NEW YORK (Reuters) - Merger adviser Lazard Ltd LAZ.N posted a surprise first-quarter loss as advisory fees fell sharply and restructuring charges weighed on results, sending its shares down 5 percent.
Fees from its primary business, advising companies and governments on transactions and strategies, plunged 42 percent to $96.5 million, the firm said on Tuesday. Analysts, who track widely available M&A transaction data, were caught off guard by the decline.
“Restructuring revenues were the only positive standout in the quarter,” Pali Capital analyst Doug Sipkin said in a note to clients.
Lazard reported a net loss of $53.5 million, or 77 cents a share, including a previously announced pretax charge of $62.6 million for layoffs and other business changes.
A year earlier, the firm reported net income of $7.8 million, or 14 cents.
Excluding the charge and assuming the full exchange of certain ownership interests, the bank posted a loss of 26 cents a share in the most recent period. On that basis, analysts on average had forecast a profit of 31 cents a share.
Revenue fell 19 percent to $248.4 million, also falling short of expectations.
“This obviously continues to be a tumultuous environment which impacts the timing and level of our revenue,” Chief Executive Bruce Wasserstein said in a statement.
Fox-Pitt Kelton analyst David Trone said Lazard’s merger advisory fees were more than 40 percent below his forecast, “a severe shortfall considering the transparency of deal data.”
Trone said these fees are not likely to recover in the current quarter. “We see no major deals slipping into the second quarter, so this shortfall remains a mystery to us.”
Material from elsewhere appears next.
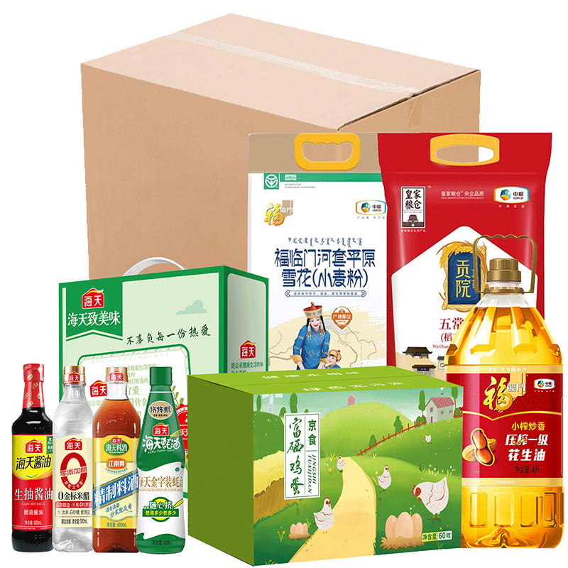 中粮皇家粮仓五常稻花香5kg(稻花香2号) 中粮福临门小榨炒香花生油4L 海天生抽酱油500ml 海天金标米醋500ml 海天精制料酒800ml 海天金字装耗油680g 中粮福临门河套平原尚品雪花粉(小麦粉)5kg 京食富硒鸡蛋60枚 (注:鸡蛋单独发货)

In Lazard’s restructuring business, advising companies in or near bankruptcy, fees surged fourfold to $61 million. Recession and balky financial markets could push corporate defaults to record levels by the end of this year, Vice Chairman Steven Golub said in an interview.
Revenue from Lazard’s asset management business, heavily concentrated in equities, fell 40 percent in the quarter. Assets under management contracted by 11 percent during the period, to $81 billion.
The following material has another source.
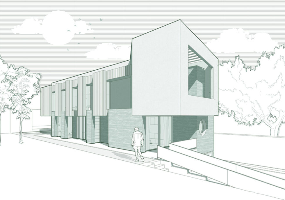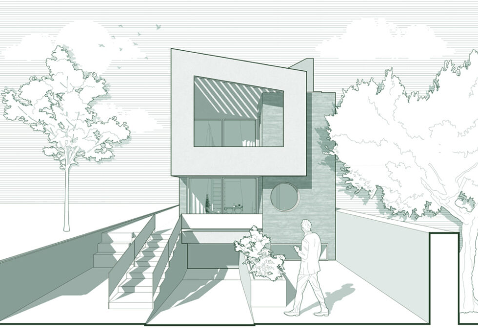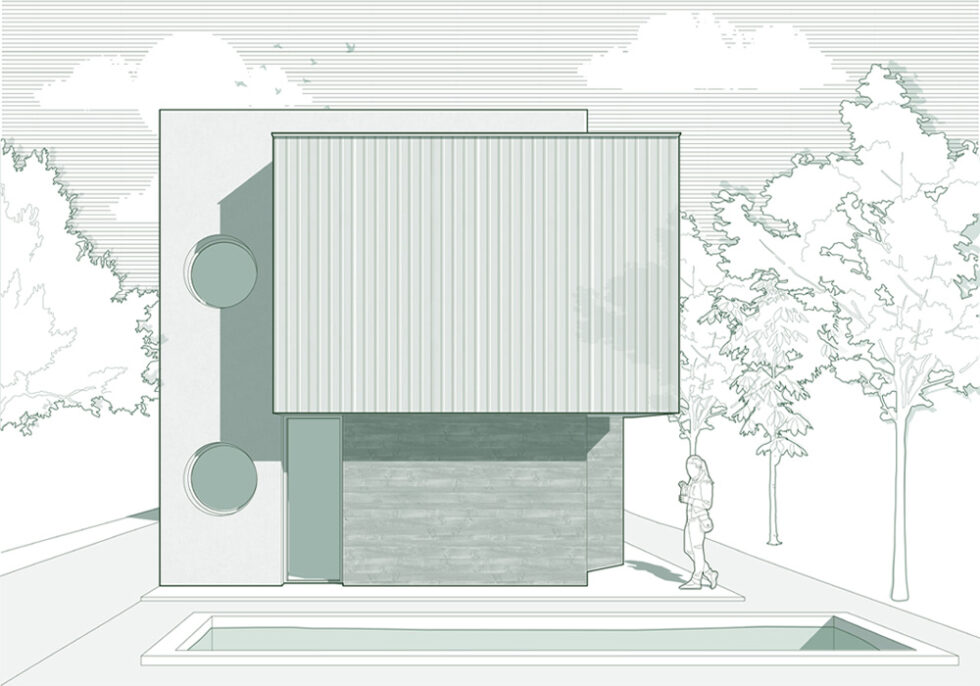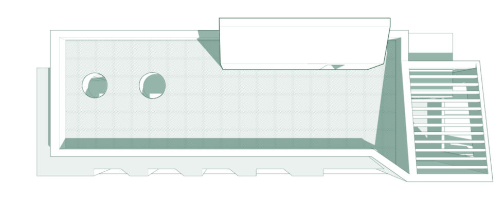 On the first floor is the art studio, occupying the entire floor of the house. It is flooded with light through the sawtooth windows of the facades and through skylights that pierce the building’s green roof. After a day of painting upstairs, you go to the ground floor and enjoy your family, your garden… Noise pollution is controlled inside the home, with cabinets and storage to muffle the noise from the circulation spaces in the bedrooms.

Pali’s Sipkin said Lazard’s backlog of advisory business improved in the quarter, which bodes well for future results, but he warned asset management could struggle for some time.
Lazard cut back on travel, business development and other areas to bring down operating costs by 24 percent compared with a year earlier. With business slowing, compensation as a percentage of revenue surged to 75 percent.
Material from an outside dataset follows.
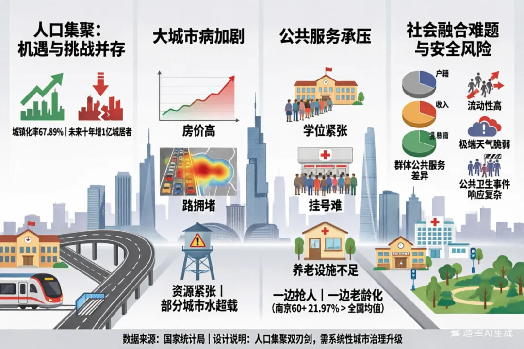 社会融合难题:户籍、收入等因素可能导致不同群体享受公共服务存在差距,对城市包容性提出更高要求。

“On balance, the revenue was very disappointing and management appears to have made no attempt to adjust compensation accordingly,” said Trone, who rates Lazard shares “outperform.” “We will have to revisit our thesis on Lazard.”
Golub said headcount has been slashed by 10 percent since last summer’s peak, back down to 2006 levels. He declined to provide detailed employment numbers.
Executives at the firm want investors to ignore the disappointing quarterly loss and focus on future prospects. Golub said fees are expected to rebound in the second half, when a number of deals in the pipeline will be completed.
Lazard also has been adding senior M&A and restructuring advisers, taking advantage to turmoil seen at other Wall Street banks. The firm did not receive government support and so is not under any compensation restrictions.
“We see an opportunity,” Golub said. “It’s in these downturns that you are able to, and we have been able to, accelerate global hiring at the senior level.” A number of addition hires will be announced shortly, he added.
No conference call with analysts was scheduled to discuss the quarterly results.
Lazard shares were down $1.56, or 5 percent, to $29.73 in morning trade on the New York Stock Exchange Tuesday after falling as low as $27.50 earlier in the session. Through Monday, the shares has risen 5 percent this year, lagging a 17 percent rise in the Securities Broker Dealer Index .XBD.